Per incidere sul flusso, i grandi sequestri di eroina da parte delle autorità non dovrebbero avvenire in Sicilia, quanto piuttosto nelle regioni adriatiche. «In effetti questa potrebbe essere una chiave di lettura plausibile», si limita dire al riguardo Emanuele.

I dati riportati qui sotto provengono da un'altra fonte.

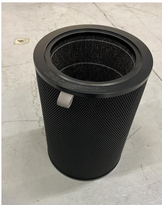
Figur 4. Tillhörande filter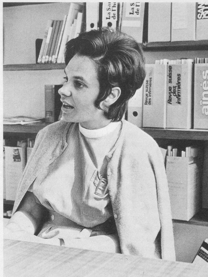
Toujours attentive aux problèmes d'autrui.

L'hospitalisation à domicile est la mise en place de tout un service médico-social qui permet de renvoyer quelqu'un chez lui plus tôt et de le garder ainsi le moins longtemps possible à l'hôpital, ce qui a l'avantage précieux de laisser des lits disponibles pour d'autres personnes.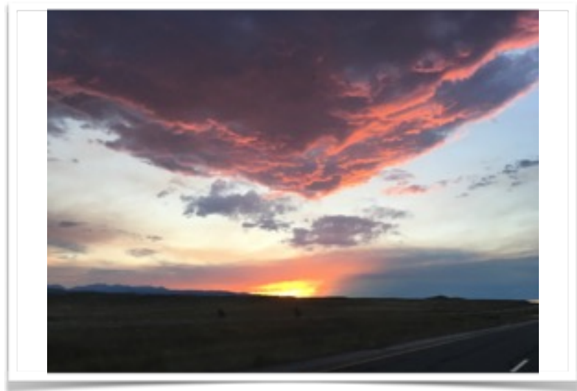
La route est belle ainsi que le coucher du soleil

Direction (Photo ci-haut) vers le Truck Stop à Buffalo WY, une nouvelle chaîne que nous n'avions jamais essayée; celle-ci se nomme CENEX. À notre arrivée à 21 heures 30, non loin de la I-90 sur la route 16, nous l'apercevons; ho-ho c'est petit; aucune vanne dans le stationnement et ça a l'air fermé; pourtant, notre livre de Next Exit, édition 2016 en plus, nous indique que c'est ouvert 24 heures sur 24. Bizarre..... Nous devons passer au plan B; juste en face se trouve un gros Holliday Inn Express. Il ne fait que 14 C, nous serons donc confortable pour y dormir le toit baissé. Et voilà.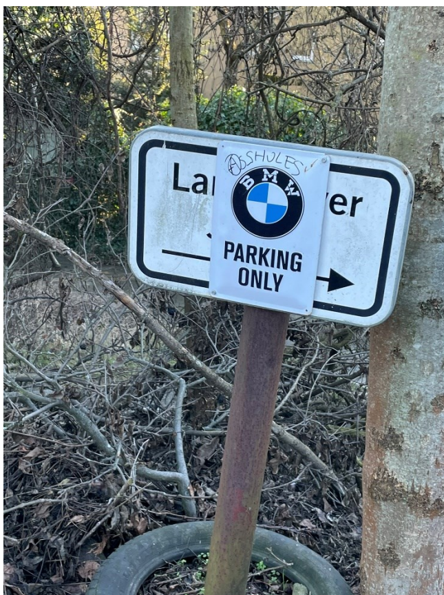
Obr.č.3. značka vymezuující parkovací místo II (foto Matěj Petržilka)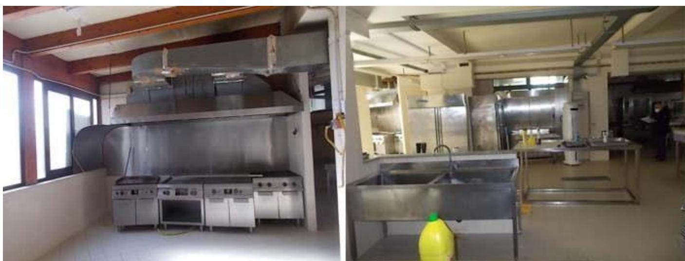
cucina e zona montacarichi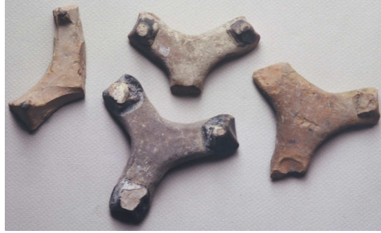
Fig. 1 : Pernettes

Cette opération est délicate car il convient tout à la fois de remplir le four de façon compacte afin de minimiser la perte de chaleur et de rentabiliser la fournée, sans toutefois entasser les céramiques glaçurées au risque de les retrouver collées les unes aux autres. Des tessons de pièces manquées disposés entre les objets contiguës et de petits cylindres d'argile grossière permettaient jusqu'alors d'éviter ces incidents ; ils sont avantageusement remplacés par les pernettes dont l'utilisation à Byzance se généralise sans toutefois devenir systématique 13 (Fig. 2).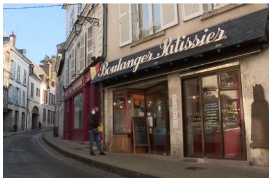
1 ère boulangerie indépendante à Blois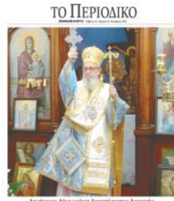
Δημήτριος, Άγιος Κήρυκας Αμερικής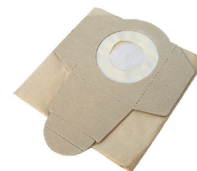
Sac filtre en papier 30 L (lot de 5 pièces)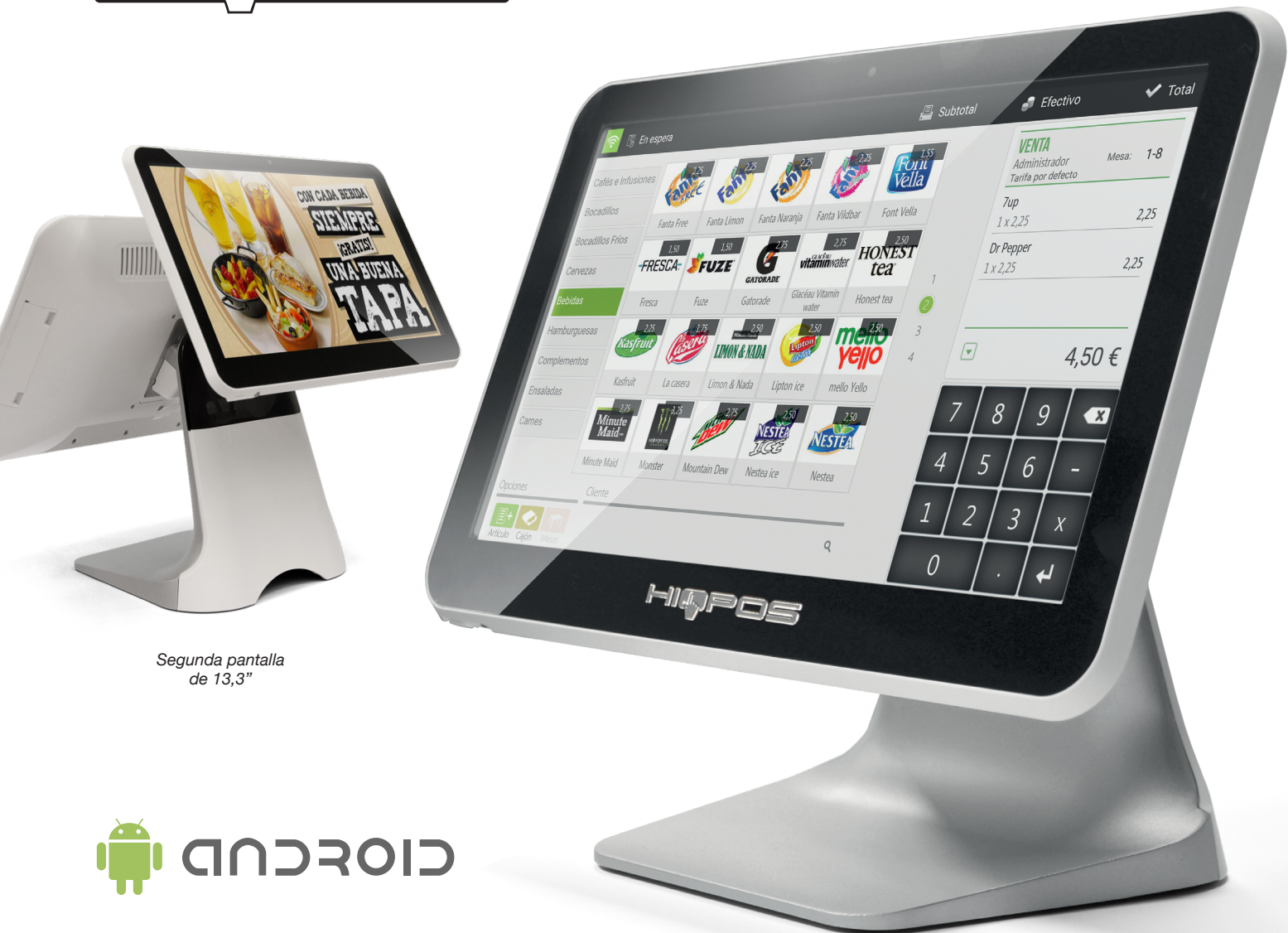
Segunda pantalla de 13,3"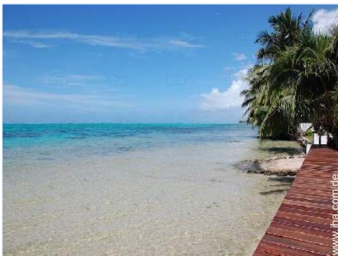
Blick aufs Meer

Besondere Vorzüge : Privater Anlegesteg, Ankerplatz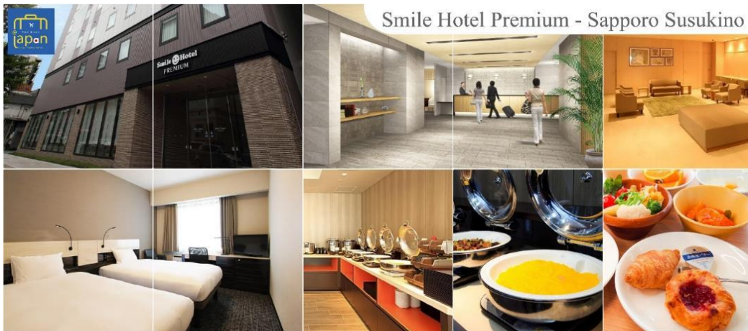
Smile Hotel Premium - Sapporo Susukino

รับประทานอาหารเย็น ณ กัดดาการ (2) พิเศษ!!! เมนู นูฟเฟ็ตซามู + ซามู SMILE HOTEL PREMIUM - SAPPORO SUSUKINO หรือเทียบเท่าระดับเดียวกัน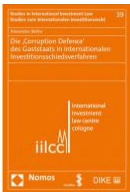
Die ‚Corruption Defence‘ des Gaststaats in internationalen Investitionsschiedsverfahren Ladenpreis: 80,20 EUR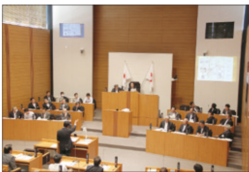
書画カメラを活用した一般質問

○議会の役割 議会は、市の議決機関として、大規模災害発生などの非常時においても、その機能を維持することが求められます。 具体的には、災害関連予算などの市の方策が市民にとって最善の内容であるかを迅速に審議して決定します。また、市民への情報提供や、集約した被災情報に基づき市や国・県等に復旧・復興に関する要望や提言を行うなど、市民と行政を結びつける役割を担います。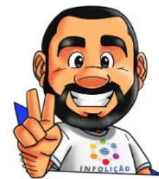
Ilustração: Adinan Batista

Esiste un mix letale tra nuove mafie provenienti dall’estero, che travalicano tabù nostrani, e l’aumento della produzione di cocaina e oppio globalmente. «In mezzo ci siamo noi, che viviamo come cani nei palazzi abbandonati per farci in libertà; e i ragazzini di 16 anni che fumano eroina», dice S. il ragazzo africano. «I nigeriani sono furbi e forti, ma è ancora la mafia quella che controlla tutto. Non ci sono italiani che lavorano per gli africani, solo il contrario». Se un giorno si arriverà a questo sovvertimento gerarchico, alla rottura di quel “precario equilibrio” fra mafie di cui parlava il procuratore nazionale, Franco Roberti, sarà difficile prevedere cosa potrebbe accadere.